Ummm, just to clarify, what I said is that this WG shall not
define a standard for charset (as in character encoding) requirements
of HTML and HTML user agents *unless* that standard is ISO-8859-1.
This (as you know) does not apply to the document BASESET discussion,
for which my only requirement is that HTML documents encoded in
ISO-8859-1 are not made illegal, and HTML systems that only understand
ISO-8859-1 are not made illegal.
I personally would prefer no HTML standard character set at all
(leaving the negotiation up to the transfer protocol), but I understand
now that SGML does require a BASESET character repertoire which defines
the meaning of numeric character references, and we are therefore
constrained somewhat by the SGML standard.
I therefore prefer Albert's wording of
"The document character set has been specified as ISO/IEC 10646 to make the
interpretation of numeric references clear in other character encodings and
as a basis for further internationalization, though previous specifications
of HTML were based on ISO-8859-1. Developers of software supporting other
MIME charsets than ISO-8859-1 must intepret numeric references based on
ISO/IEC 10646 as the document character set.
However, Glenn's quote from the SGML Handbook, p. 487, section
15.6 System Declaration:
"A system declaration is the complement of an SGML declaration.

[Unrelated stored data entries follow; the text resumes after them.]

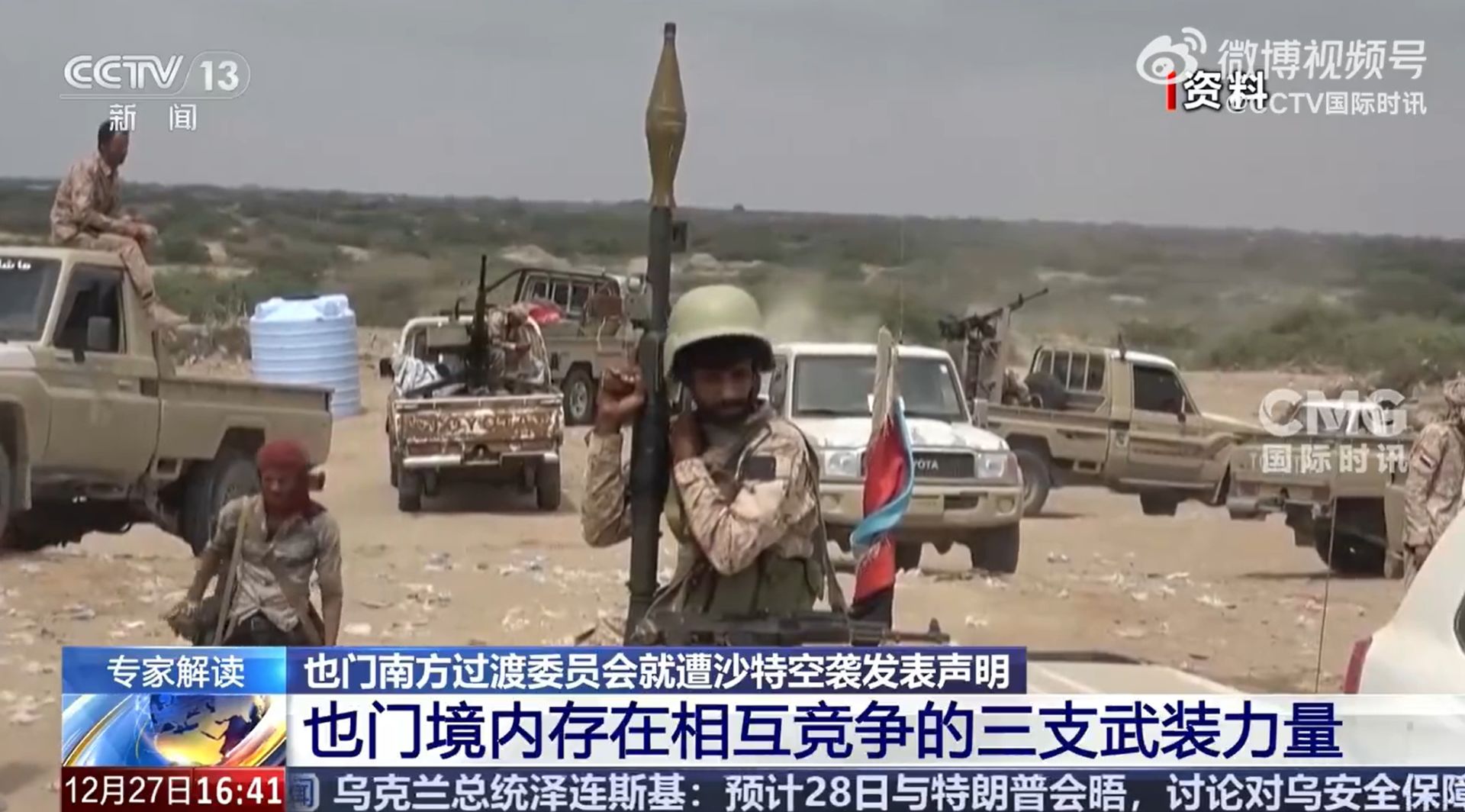 宁夏大学中国阿拉伯国家研究院教授 牛新春:过去几年,这三支力量之间不断发生战争,但是从2022年,沙特和也门胡塞武装达成停火后,也门国内的局势就基本平静下来了。最近一个月,南方过渡委员会的军队在南部和也门政府争夺势力范围,特别是南部两个省,南方过渡委员会的军队最近一个月占领了大片的领土。在这种情况下,沙特和阿联酋最近几天就派了代表团去也门协调,要求南方过渡委员会把军队从这两个省占领的领土上撤出来,但是遭到拒绝。在也门的南部,沙特支持也门政府,阿联酋支持南方过渡委员会,所以沙特和阿联酋首先要在自己内部协调,然后又要和也门南部这个两支力量协调。
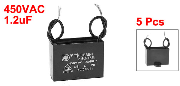 Product Name Run Capacitor Model CBB6-1 Dielectric Material Metallized Polypropylene External Material Plastic Rated Capacitance 1.2uF Tolerance ±5% Rated Frequency 50/60Hz Rated Working Voltage 450VAC Mounting Hole Diameter 4.5mm / 0.17" Boby Size 3.7 x 1.6 x 2.6cm / 1.5" x 0.64" x 1" (L*W*H) Wire Length(Each) 9cm / 3.5" Main Color Black Weight 80g Package Content 5 Pcs x Run Capacitor - Reviews
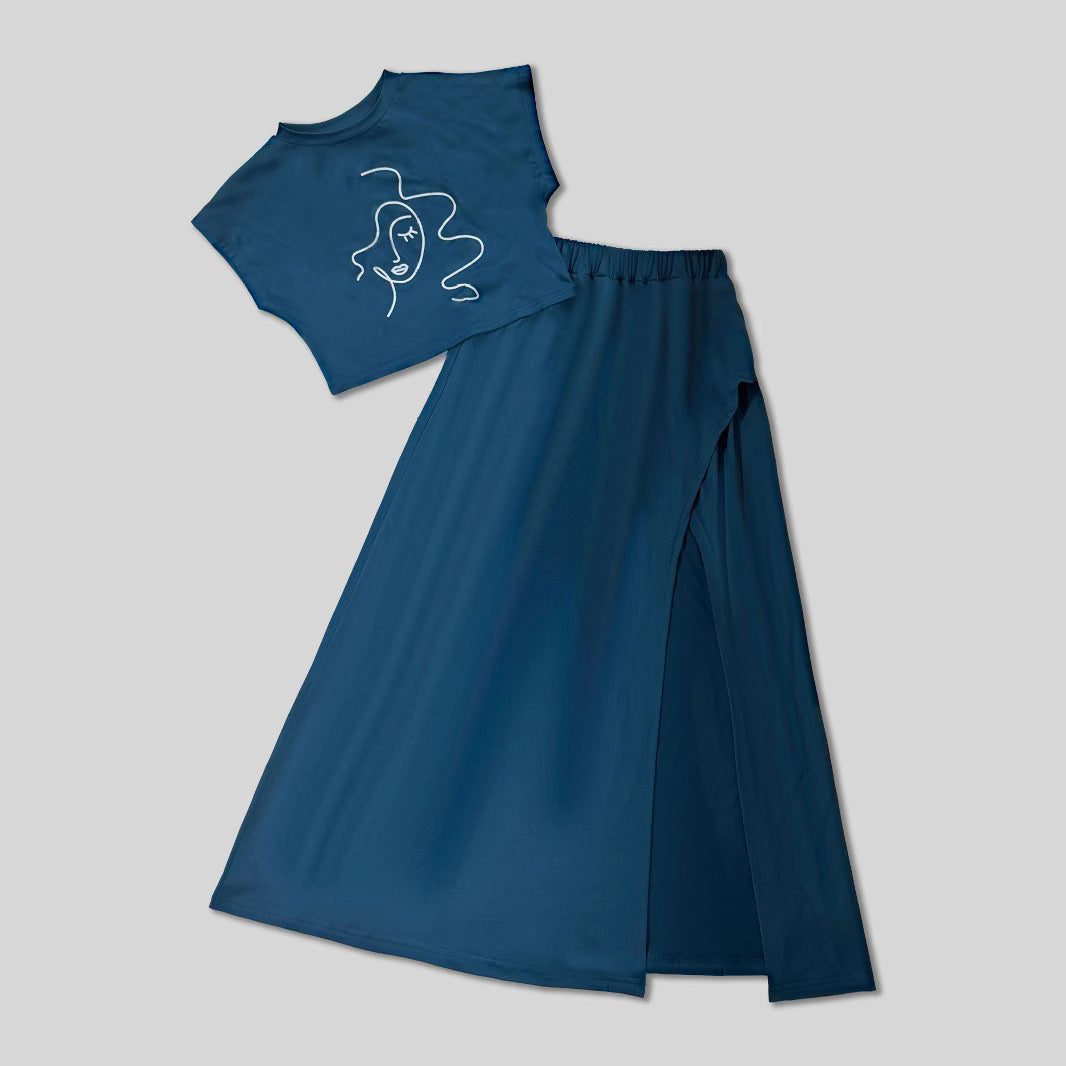 Opdag vores stilfulde dames Crop-Top og maxiskørt sæt, perfekt til varme dage og afslappede lejligheder. Dette afslappede sæt kombinerer komfort med modepræg.
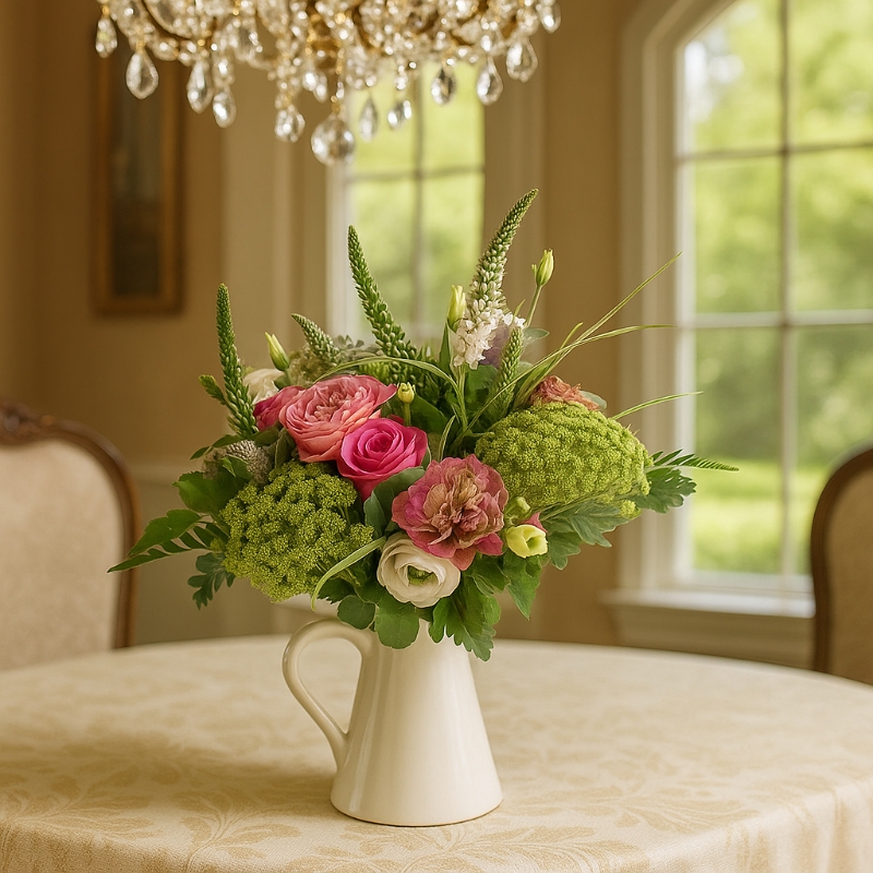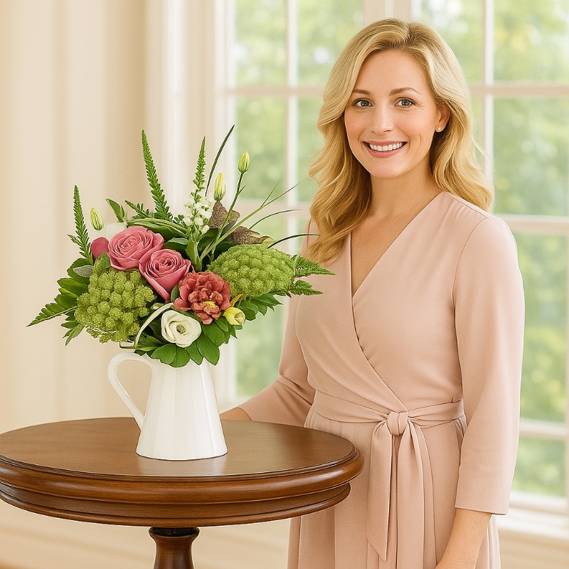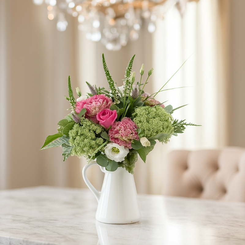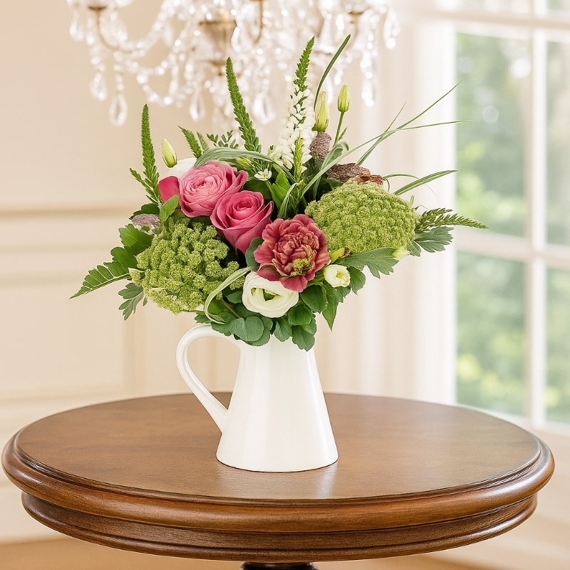 Meet Sarah—a delightful blend of garden-style flowers arranged with care and displayed in a rustic jug that enhances its natural charm.
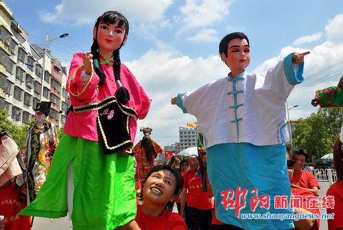 上午9时许,由邵阳学院带来的龙狮表演拉开了非物质文化遗产展演的序幕。随即,来自各县市的代表性非遗项目表演依次登台,赢得了现场观众阵阵热烈掌声。邵东杖头木偶戏灵动传神,展示出这门艺术绝活的无穷魅力;原始古朴的呜哇山歌和亮丽多彩的花瑶服饰表演,反映出浓郁的花瑶风情;洞口县的棕包脑,让观众领略到了当地瑶族同胞独特的民俗风情和祭祀礼仪;邵阳县的蓝印花布模特方阵表演清爽而不失华丽,将蓝印花布印染技艺展现得淋漓尽致;武冈丝弦婉约清新、绥宁侗琵琶弹唱表演浪漫别致、新宁县“岩鹰拳”表演刚柔并济,令现场观众看得如痴如醉。尤其是当独具特色的城步苗族自治县“下团吊龙”出场时,那精致美观的扎制工艺,别具匠心的“吊龙”技法以及舞龙者灵活快捷的步伐,无不让人惊叹中华民间文化的精彩绝伦,赢得全场观众雷鸣般的掌声。随后,邵阳县白仓高跷及扎故事、武冈石羊走马灯等11个非物质文化遗产项目及8个代表队方阵参加了巡游展示活动,让观众大饱了眼福。
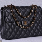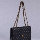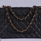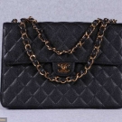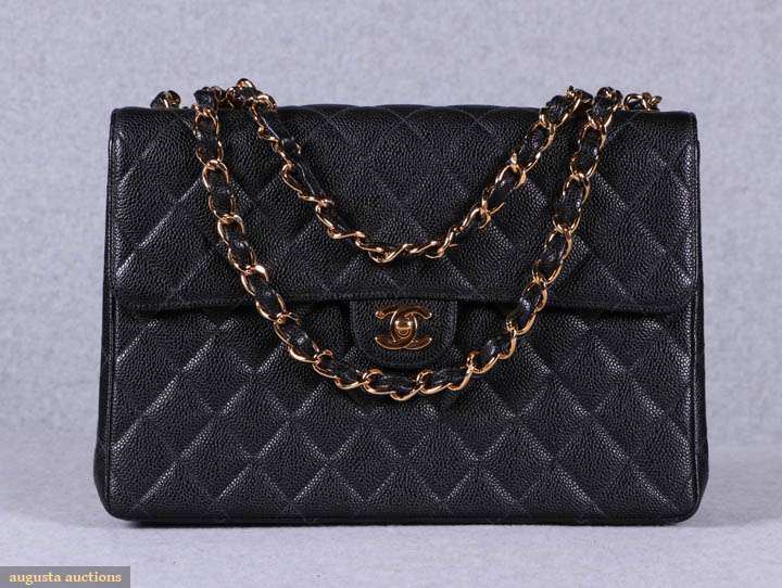 Unused jumbo handbag w/ classic single flap, black calfskin quilted leather, interwoven SH strap in gold tone chain & leather can be worn doubled up or as single strap, gold tone Chanel logo "CC" twist lock closure, single back exterior curved ppatch pocket, 1 interior patch & 1 zip pocket w/ "CC" logo pull, comes w/ Chanel protective slip cover, interior hologram authentication sticker w/ serial #6136656, label "Chanel, Paris, Made in France", 12" x 8.5" x 3", very good-excellent.
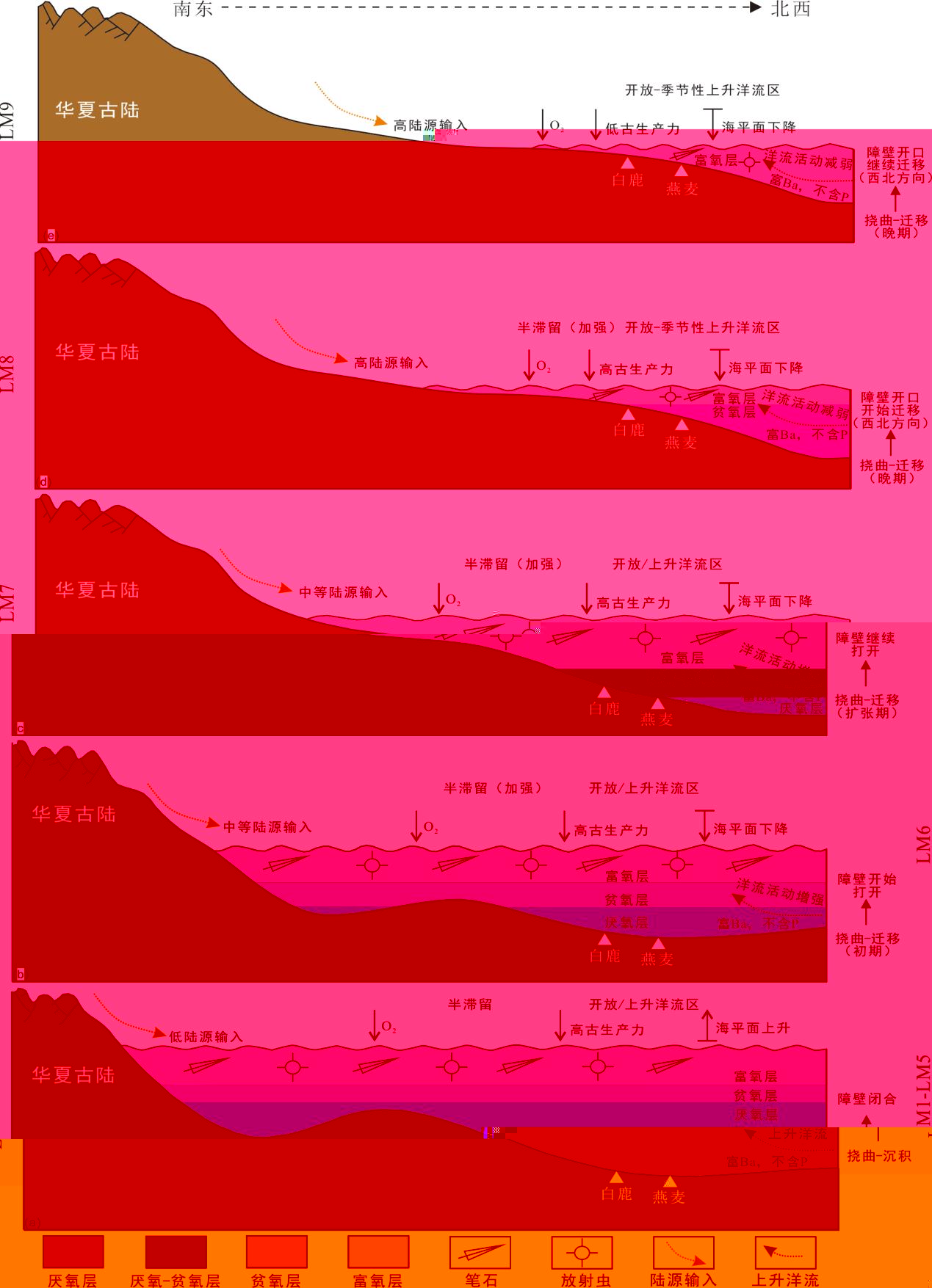 圖1 渝北地區龍馬溪組不同沉積期内有機質富集模式
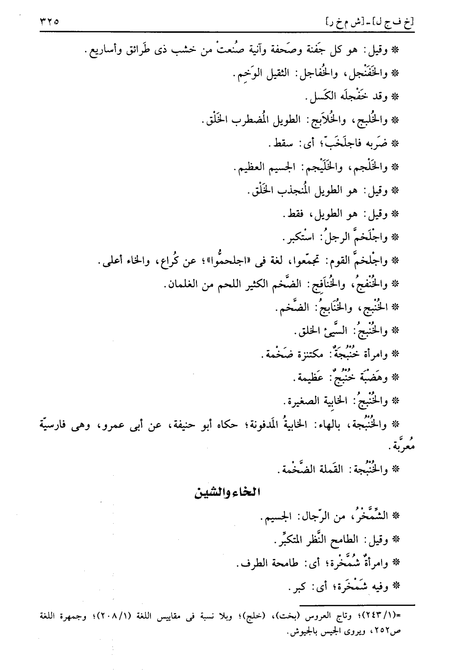 والخَلْجم، والخَلَيْجم: الجسيم الْعَظِيم.
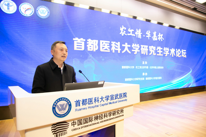 张健代表学校党委,感谢农工党北京市委和华嘉公益基金会对学校研究生教育的大力支持,感谢宣武医院为承办论坛所作的辛勤筹备,同时对所有获奖同学表示衷心祝贺。他指出,研究生学术论坛作为学校一项重要的学术品牌活动,旨在贯彻落实党中央教育强国、科技强国和人才强国战略,落实立德树人根本任务,推进研究生之间的学术交流,营造浓厚的学术氛围。张健鼓励医学生们不仅要有扎实的医学知识和本领,同时要培养勇攀高峰、敢为人先的科学家精神,通过科学研究和临床实践,将攻坚克难的研究成果转化为扶伤济世、治病救人的高强本领,成长为党和国家需要的青年医学人才。
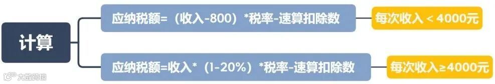 企业需取得合规发票方可税前扣除,目前个人去税局代开发票免增值税;企业每次支付劳务报酬时,应按20%~40%的税率预扣预缴个人所得税,计算方法如下:
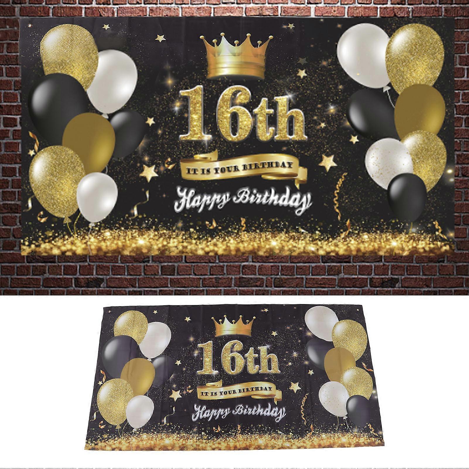 Happy Birthday Backdrop 16th Banner Black Gold 70.9x39in

While an SGML declaration identifies the features that a parser
requires in order to deal with a particular document, the system
declaration identifies the set of SGML declarations that a system
can deal with."
would indicate (to me) that an ordinary BASESET of ISO/IEC 10646
requires that conforming parsers be capable of dealing with characters
greater than 255.
Therefore, I would not mind changing the 2.0 declaration to specify
ISO/IEC 10646 as the BASESET, but only if characters > 255 are
marked as UNUSED.
....Roy T. Fielding Department of ICS, University of California, Irvine USA
<fielding@ics.uci.edu>
<URL:http://www.ics.uci.edu/dir/grad/Software/fielding>